Fourth, Asian universities' culture of research and innovation suffers under the heavy burden of hierarchy and rank. It is difficult to claim credit for better ideas if the older folks whose ideas are being improved upon hold the veto power and they are not reluctant to exercise it. Workshops in which people present their work, answer questions and face criticism are not quite as frank and open in Asia. The processes to add rigorous reasoning, innovation, and cross-disciplinary insights is weak. Independence of the editing and refereeing processes also shows gaps when compared with international standards. most important, separating interpersonal relationship from criticism of research is harder to do in Asia. developing research culture in Asia calls for working on these aspects of universities and their faculties by changing their shared expectations.

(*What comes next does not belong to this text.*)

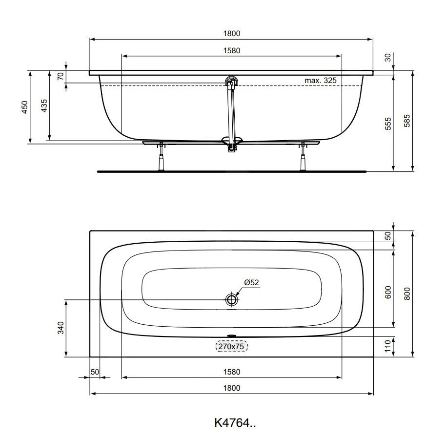 - afvoer in het midden: diameter 52 mm

There is no better way of building research cultures in Asia than to develop healthy authorship, workshop, refereeing and editorial processes of the indigenous journals. Unfortunately, the international publication requirement undermines this fundamental goal. It not only diverts the best minds to try to publish abroad, it undercuts the attempts to develop good journals and research culture at home.

Educational administrators and policy makers in Asia have to address a basic policy dilemma. Should they continue to focus their attention on the immediate goal of making sure that the faculty who get promoted or appointed to senior positions have scholarly accomplishments comparable to elsewhere in the world? But pursuing this worthy short term goal too vigorously undermines the progress toward building an indigenous research culture through domestic processes and journals. If building domestic research culture is also an important goal, how can the two to be balanced?

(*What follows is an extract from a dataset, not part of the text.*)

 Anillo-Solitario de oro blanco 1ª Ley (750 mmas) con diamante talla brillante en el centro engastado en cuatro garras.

While there are no fixed formulas for building a culture of any kind, much less of research, a few steps taken under judicious (not bureaucratic) supervision may help. de-emphasizing the power of hierarchy and rank over the creative younger faculty, especially when those in power are not themselves productive researchers, could be a first step. Innovation itself, as reflected in their work and activities, could be considered a plus in faculty assessment. Starting new kinds of journals with radical new ideas would be a kind of innovation that could receive special attention. Any steps that will increase the mobility of faculty across educational and research institutions would be helpful by creating an external market for research talent. Lowering the cost of transactions that involve moving from one institution will prevent faculty from getting trapped in institutions whose needs do not match their abilities and talents. Allowing greater discretion and subjectivity in promotion and tenure decisions may also help, although the immediate question of favoritism comes to mind. If the transactions cost of moving across institutions can be reduced, favoritism can be counterbalanced, and the mistakes made by the subjective processes of one institution can be checked " if not corrected by " the market place for talent. Overall, most systems of higher education in Asia treat faculty as just another civil service which can be managed through the standard bureaucratic procedures. Obviously they can be, and are, managed in this manner. But then they cannot be expected to produce radical innovation that a research culture calls for, and they don't.

In the recent half-a-century, many Asian economies have achieved rapid advancements in many fields that they themselves had earlier thought were beyond their ability due to presumed cultural barriers. The fact is that human beings are essentially the same everywhere; the differences in their achievements are rooted in what they believe about themselves, and expect from one another. In the recent decades, American and European scholars have made rapid advances in the level of scholarship in many fields. Asian research need not be an exception.